(WORK REQUIRED)
Take the lines below from the one with "Figure 2: US" through the one with "Figure 1: The" and retype them exactly. Include nothing else, and no pictures.

(DATA SUPPLIED)

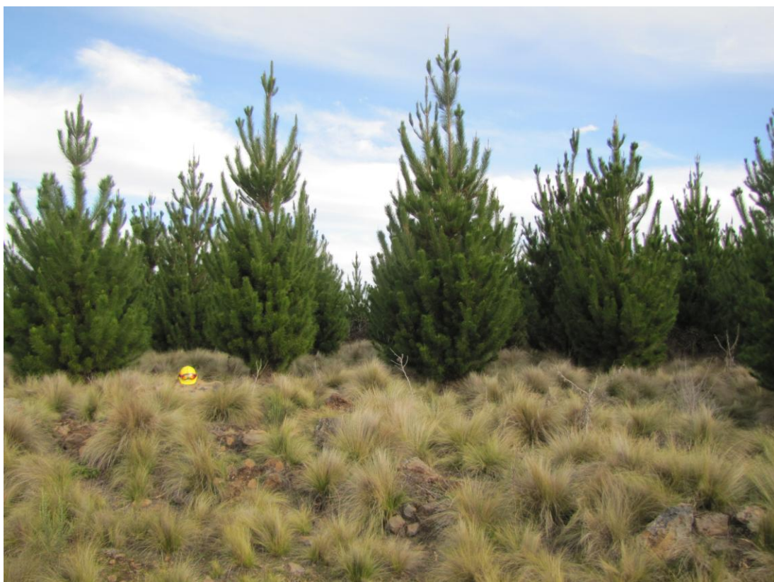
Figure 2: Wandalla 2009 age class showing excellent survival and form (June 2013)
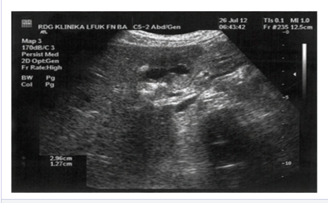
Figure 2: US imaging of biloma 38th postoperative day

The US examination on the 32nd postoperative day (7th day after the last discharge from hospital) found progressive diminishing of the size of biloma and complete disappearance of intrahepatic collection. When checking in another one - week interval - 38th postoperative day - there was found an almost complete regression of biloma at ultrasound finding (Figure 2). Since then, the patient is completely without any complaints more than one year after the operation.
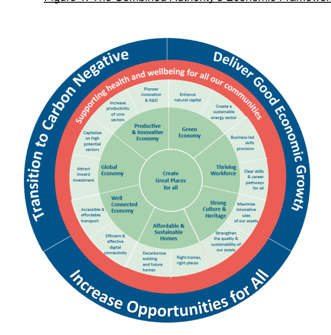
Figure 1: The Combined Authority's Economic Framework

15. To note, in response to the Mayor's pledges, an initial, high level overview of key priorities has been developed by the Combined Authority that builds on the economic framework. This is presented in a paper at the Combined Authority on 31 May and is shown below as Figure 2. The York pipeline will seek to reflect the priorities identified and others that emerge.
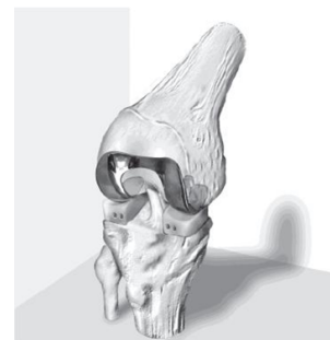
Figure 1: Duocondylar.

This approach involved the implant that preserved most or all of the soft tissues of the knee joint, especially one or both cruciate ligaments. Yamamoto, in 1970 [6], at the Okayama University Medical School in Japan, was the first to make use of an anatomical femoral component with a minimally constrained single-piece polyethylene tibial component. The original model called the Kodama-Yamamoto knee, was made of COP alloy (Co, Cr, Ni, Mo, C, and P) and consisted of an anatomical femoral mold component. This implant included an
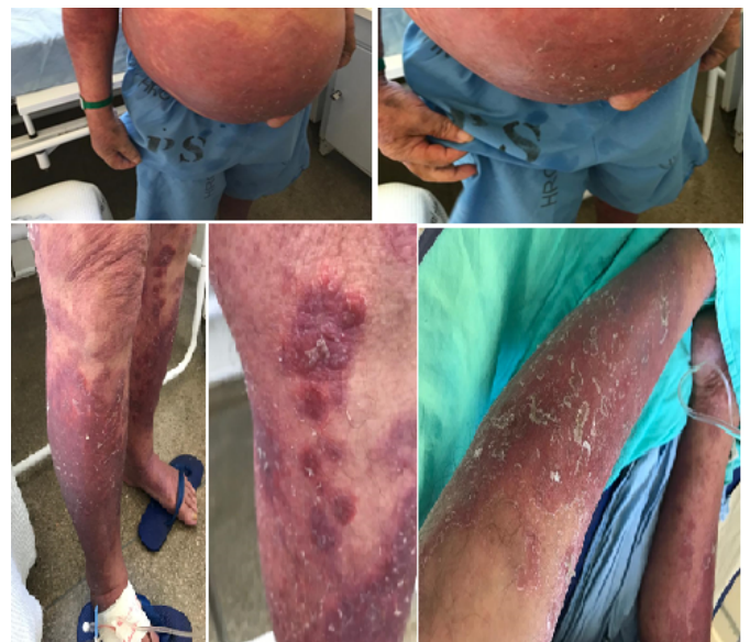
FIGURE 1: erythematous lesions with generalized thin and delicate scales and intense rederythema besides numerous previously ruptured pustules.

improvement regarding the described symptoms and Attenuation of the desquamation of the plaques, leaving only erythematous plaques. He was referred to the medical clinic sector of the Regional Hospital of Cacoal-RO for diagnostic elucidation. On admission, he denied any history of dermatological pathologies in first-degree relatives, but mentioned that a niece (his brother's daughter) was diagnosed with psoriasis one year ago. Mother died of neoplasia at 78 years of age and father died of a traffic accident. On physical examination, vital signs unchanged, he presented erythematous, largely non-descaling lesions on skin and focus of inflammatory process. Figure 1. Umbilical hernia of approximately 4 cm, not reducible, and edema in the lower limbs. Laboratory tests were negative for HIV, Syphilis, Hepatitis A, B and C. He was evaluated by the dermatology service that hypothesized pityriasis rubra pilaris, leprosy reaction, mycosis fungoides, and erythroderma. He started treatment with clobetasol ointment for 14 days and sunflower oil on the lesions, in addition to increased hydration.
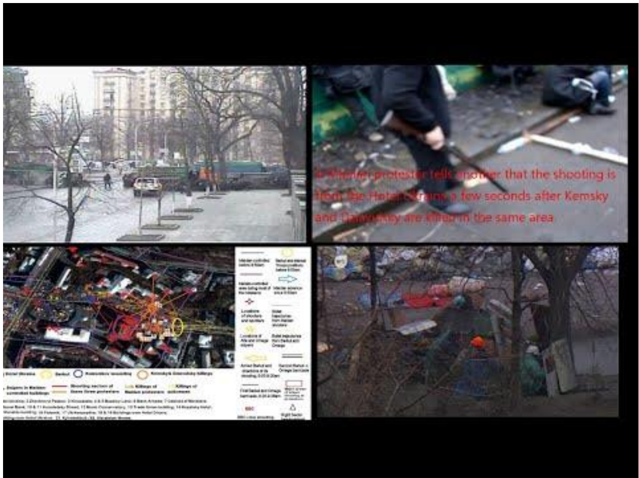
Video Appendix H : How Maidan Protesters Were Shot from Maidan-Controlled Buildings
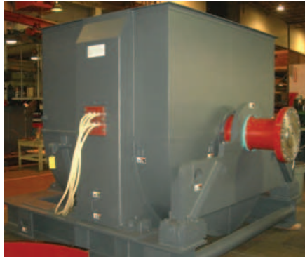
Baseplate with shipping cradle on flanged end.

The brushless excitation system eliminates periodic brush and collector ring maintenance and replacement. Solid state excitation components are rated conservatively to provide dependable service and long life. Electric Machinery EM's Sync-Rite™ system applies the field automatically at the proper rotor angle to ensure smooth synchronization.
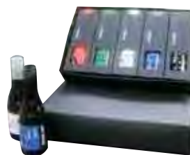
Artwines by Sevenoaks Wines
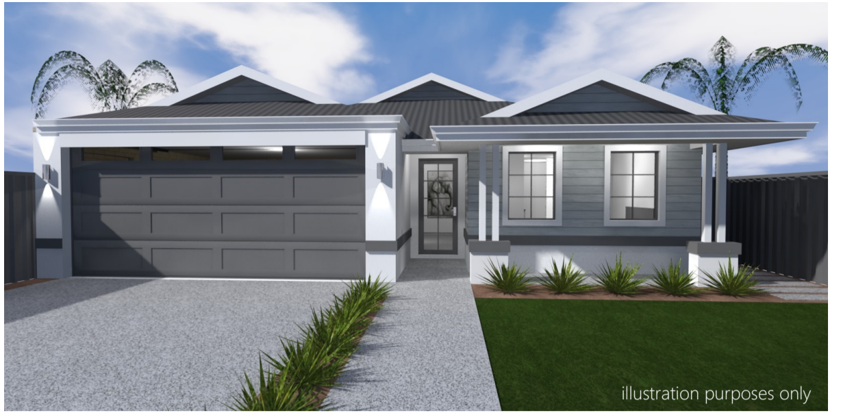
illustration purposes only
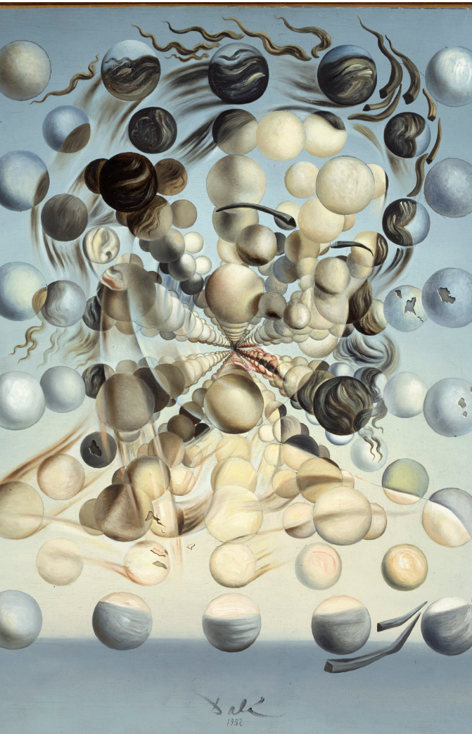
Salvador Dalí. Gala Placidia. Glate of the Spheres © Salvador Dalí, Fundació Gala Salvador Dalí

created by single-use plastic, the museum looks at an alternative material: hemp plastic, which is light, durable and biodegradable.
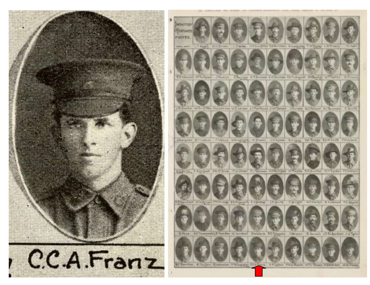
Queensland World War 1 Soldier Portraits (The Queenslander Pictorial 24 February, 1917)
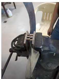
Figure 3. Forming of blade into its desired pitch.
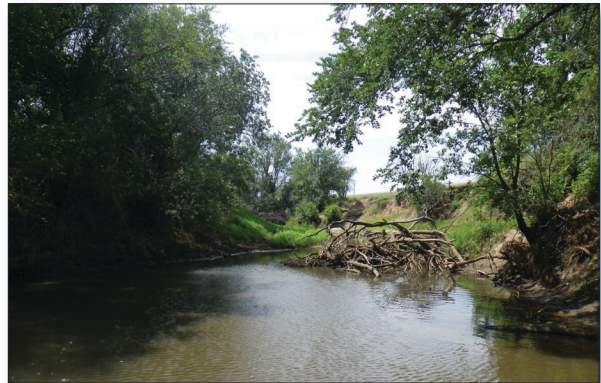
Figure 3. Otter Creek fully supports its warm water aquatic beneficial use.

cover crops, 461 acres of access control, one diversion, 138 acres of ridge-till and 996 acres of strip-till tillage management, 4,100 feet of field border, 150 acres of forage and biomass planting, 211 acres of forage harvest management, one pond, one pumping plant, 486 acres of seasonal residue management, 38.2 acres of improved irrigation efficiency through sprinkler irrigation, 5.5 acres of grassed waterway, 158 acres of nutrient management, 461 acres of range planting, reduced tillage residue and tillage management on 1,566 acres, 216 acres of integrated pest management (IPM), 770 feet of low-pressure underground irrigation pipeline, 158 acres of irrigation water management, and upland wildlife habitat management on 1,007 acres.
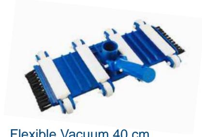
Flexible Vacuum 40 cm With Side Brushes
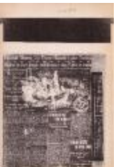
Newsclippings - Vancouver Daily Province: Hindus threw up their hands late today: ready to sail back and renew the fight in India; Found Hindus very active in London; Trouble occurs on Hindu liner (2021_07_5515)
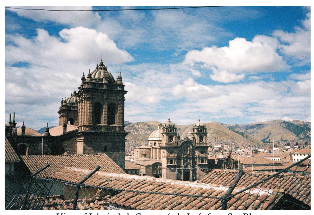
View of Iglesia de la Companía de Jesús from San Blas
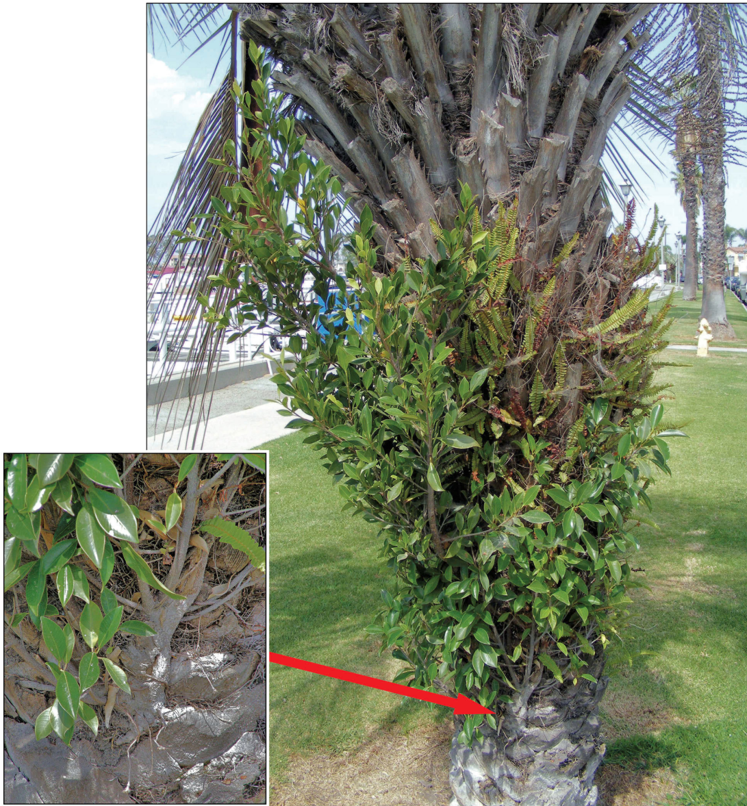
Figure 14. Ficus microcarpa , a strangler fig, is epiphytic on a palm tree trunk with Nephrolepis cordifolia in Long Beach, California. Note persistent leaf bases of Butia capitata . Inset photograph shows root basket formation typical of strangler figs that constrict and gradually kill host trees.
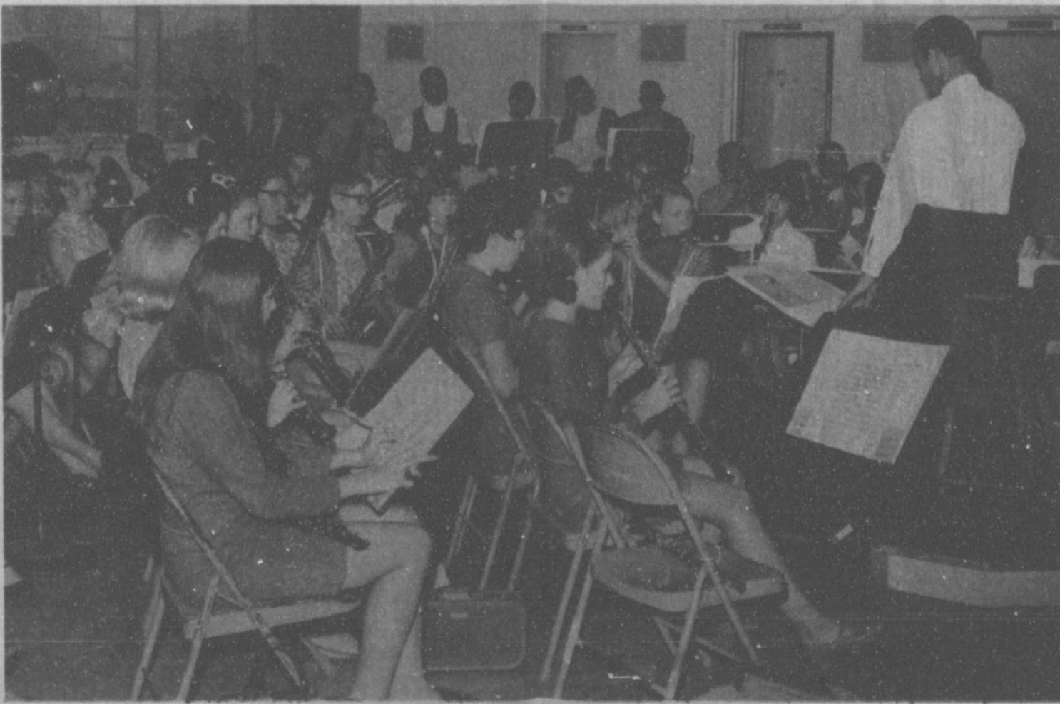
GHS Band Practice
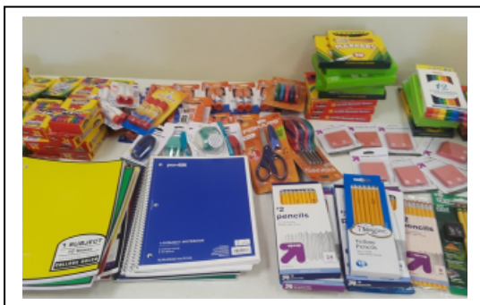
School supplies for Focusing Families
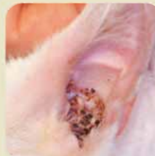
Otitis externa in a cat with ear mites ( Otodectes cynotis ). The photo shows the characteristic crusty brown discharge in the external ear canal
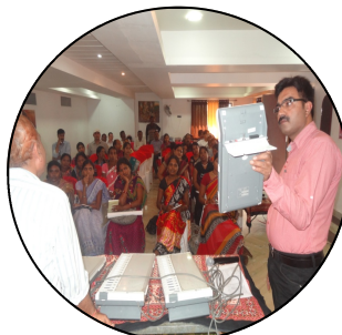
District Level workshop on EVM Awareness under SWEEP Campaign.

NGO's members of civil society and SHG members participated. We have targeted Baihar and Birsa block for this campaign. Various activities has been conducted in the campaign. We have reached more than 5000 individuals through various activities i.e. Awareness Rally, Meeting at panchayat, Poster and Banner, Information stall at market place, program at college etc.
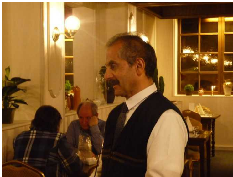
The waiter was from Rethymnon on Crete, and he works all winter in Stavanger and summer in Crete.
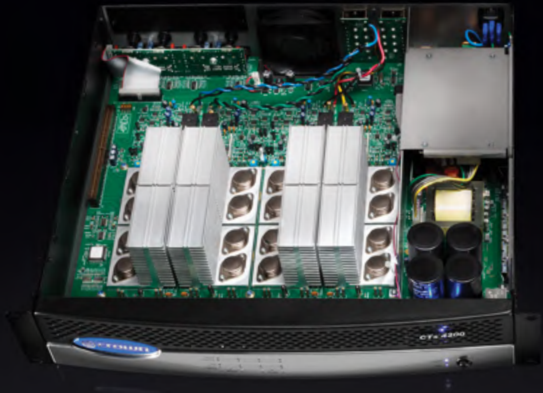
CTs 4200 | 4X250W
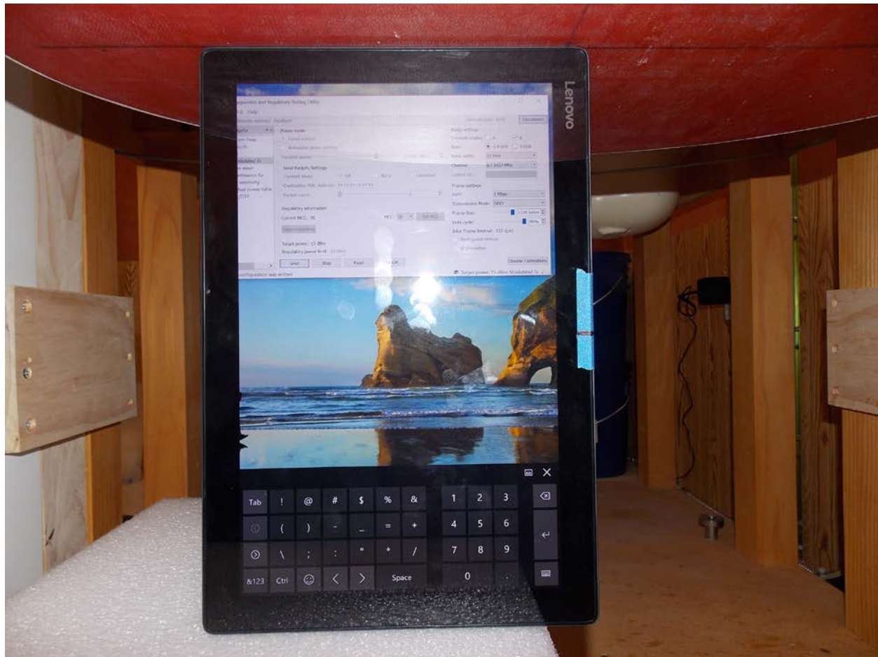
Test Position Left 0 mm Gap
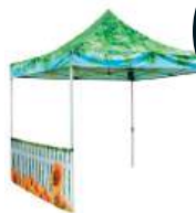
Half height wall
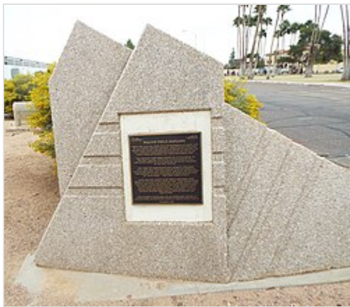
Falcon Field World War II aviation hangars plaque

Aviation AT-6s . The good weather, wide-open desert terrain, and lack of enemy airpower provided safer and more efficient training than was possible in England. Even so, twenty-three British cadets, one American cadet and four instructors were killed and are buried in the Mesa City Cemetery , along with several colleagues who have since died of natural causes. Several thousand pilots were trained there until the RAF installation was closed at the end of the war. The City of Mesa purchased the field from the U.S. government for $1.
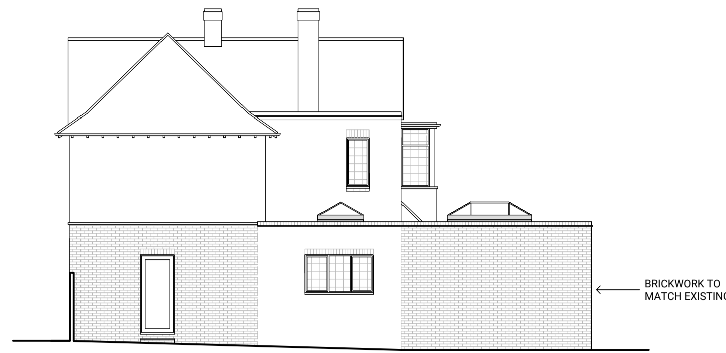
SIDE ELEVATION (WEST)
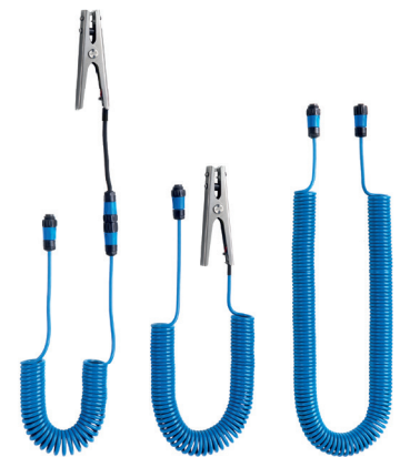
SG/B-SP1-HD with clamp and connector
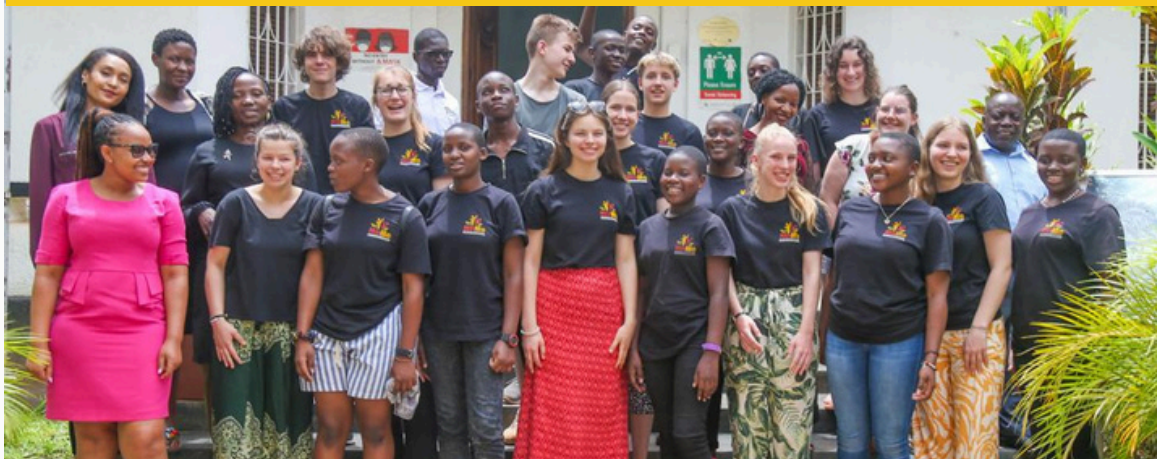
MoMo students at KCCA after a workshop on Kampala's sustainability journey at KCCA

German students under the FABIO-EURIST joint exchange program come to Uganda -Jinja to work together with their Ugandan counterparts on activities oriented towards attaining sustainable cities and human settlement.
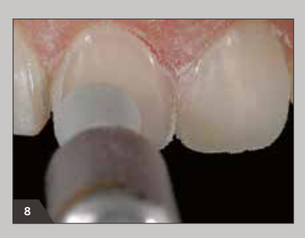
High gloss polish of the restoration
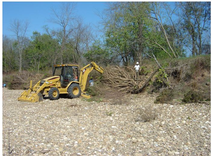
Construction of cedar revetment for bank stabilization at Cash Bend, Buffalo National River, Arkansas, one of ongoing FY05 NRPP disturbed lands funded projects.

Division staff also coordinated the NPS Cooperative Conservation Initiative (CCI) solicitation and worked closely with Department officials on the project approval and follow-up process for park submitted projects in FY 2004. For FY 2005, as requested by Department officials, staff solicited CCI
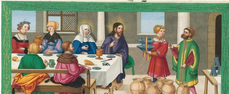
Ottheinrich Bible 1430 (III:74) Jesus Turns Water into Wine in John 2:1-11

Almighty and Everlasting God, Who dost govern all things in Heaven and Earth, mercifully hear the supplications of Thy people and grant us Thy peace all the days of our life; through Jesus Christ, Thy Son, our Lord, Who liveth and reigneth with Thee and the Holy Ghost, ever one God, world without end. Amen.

(ANSWER BELOW)
Figure 2: US imaging of biloma 38th postoperative day

The US examination on the 32nd postoperative day (7th day after the last discharge from hospital) found progressive diminishing of the size of biloma and complete disappearance of intrahepatic collection. When checking in another one - week interval - 38th postoperative day - there was found an almost complete regression of biloma at ultrasound finding (Figure 2). Since then, the patient is completely without any complaints more than one year after the operation.
Figure 1: The Combined Authority's Economic Framework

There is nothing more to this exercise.